SCM_LFDFT="$AMSHOME/examples/adf/Er_LFDFT_MCD/LFDFT"
export SCM_LFDFT
AMS_JOBNAME=GS $AMSBIN/ams <<eor
System
Atoms
Er 0.0000000000 0.0000000000 0.0000000000
End
Charge +3
End
task SinglePoint
Engine adf
Unrestricted No
Symmetry NOSYM
IrrepOccupations
A 54 1.571428571428571 1.571428571428571 1.571428571428571 1.571428571428571 1.571428571428571 1.571428571428571 1.571428571428571
End
basis
Core None
Type TZP
End
XC
GGA PBE
End
EndEngine
eor
# When the AOC calculation is ready, you need to make sure that indeed the
# partially occupied orbitals are dominantly f orbitals. In the ADF output you
# can find the character of the MOs in the list of all MOs, ordered by energy,
# with the most significant SFO gross populations.
# Next the LFDFT calculation is performed including a magnetic field of 1 Tesla
# in the z-direction (Bfield 0 0 1),
# which is needed for the XMCD calculation. In this case there is 1
# shell, and the nlval for 4f is '4 3'. The MO indices should be the
# fractionally occupied levels of the AOC calculation (in this case 28 29 30 31 32 33 34).
$AMSBIN/lfdft << eor
adffile GS.results/adf.rkf
nshel 1
nlval 4 3
MOind 28 29 30 31 32 33 34
soc 1.0
Bfield 0.0 0.0 1.0
DegeneracyThreshold 1.0E-8
eor
# Then, we need to calculate the electronic structure corresponding to the Er
# core electron excitation. In this case, we promote 1 electron from 3d orbitals
# to the 4f.
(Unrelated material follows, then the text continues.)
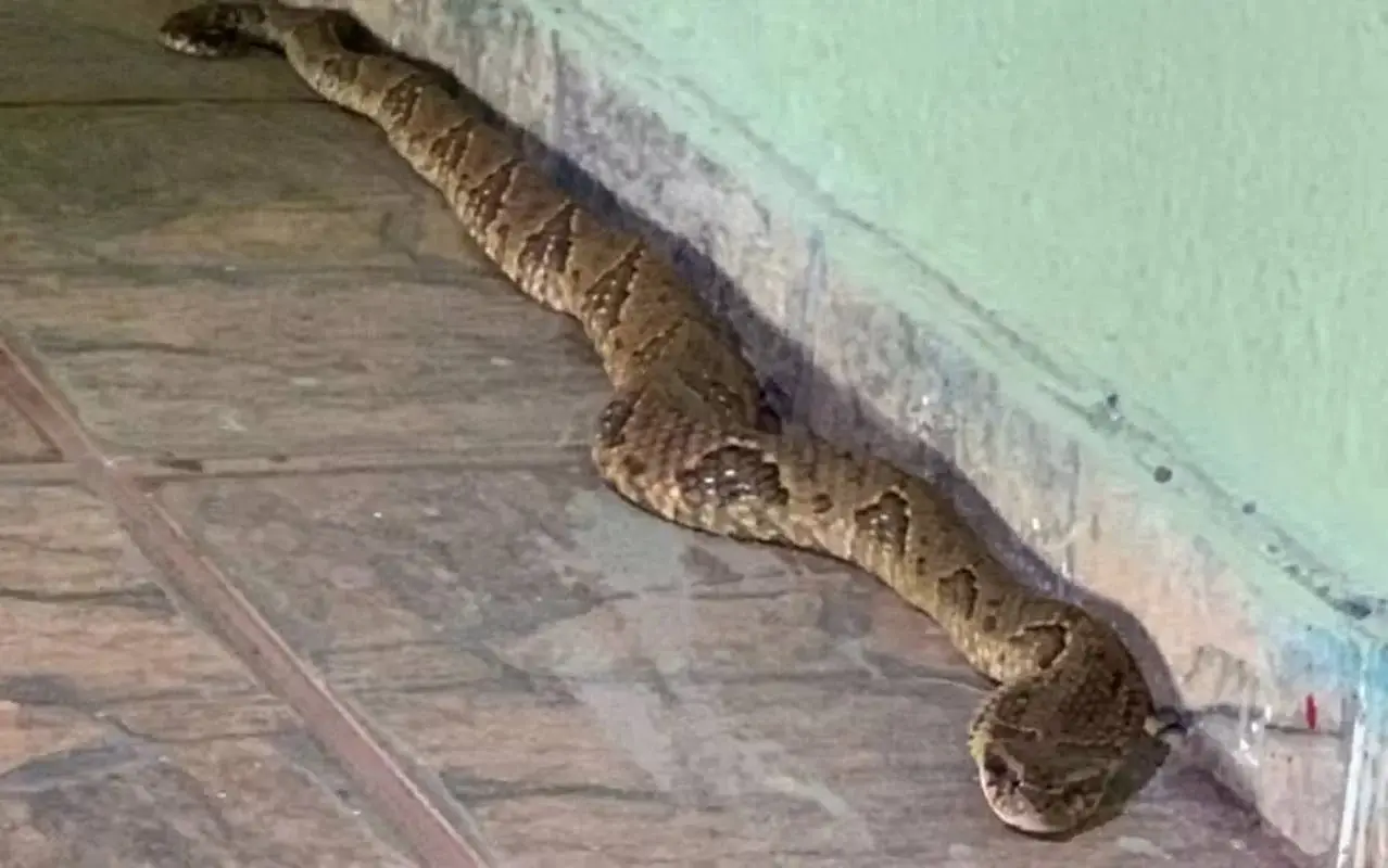 Uma cobra foi encontrada dentro do banheiro de um abrigo, em Águas Lindas de Goiás, no Entorno do Distrito Federal. O Corpo de Bombeiros foi acionado para fazer o resgate do animal, que, no momento da chegada da equipe, estava na varanda da instituição.

Therefore, an average of configuration calculation (AOC) is
# performed, where 9 electrons are equally distributed over the 5 orbitals
# that have the most dominant Er 3d character; and 11+1 electrons are
# equally distributed over the 7 orbitals that have the most dominant Er 4f
# character. Symmetry NOSYM should be specified.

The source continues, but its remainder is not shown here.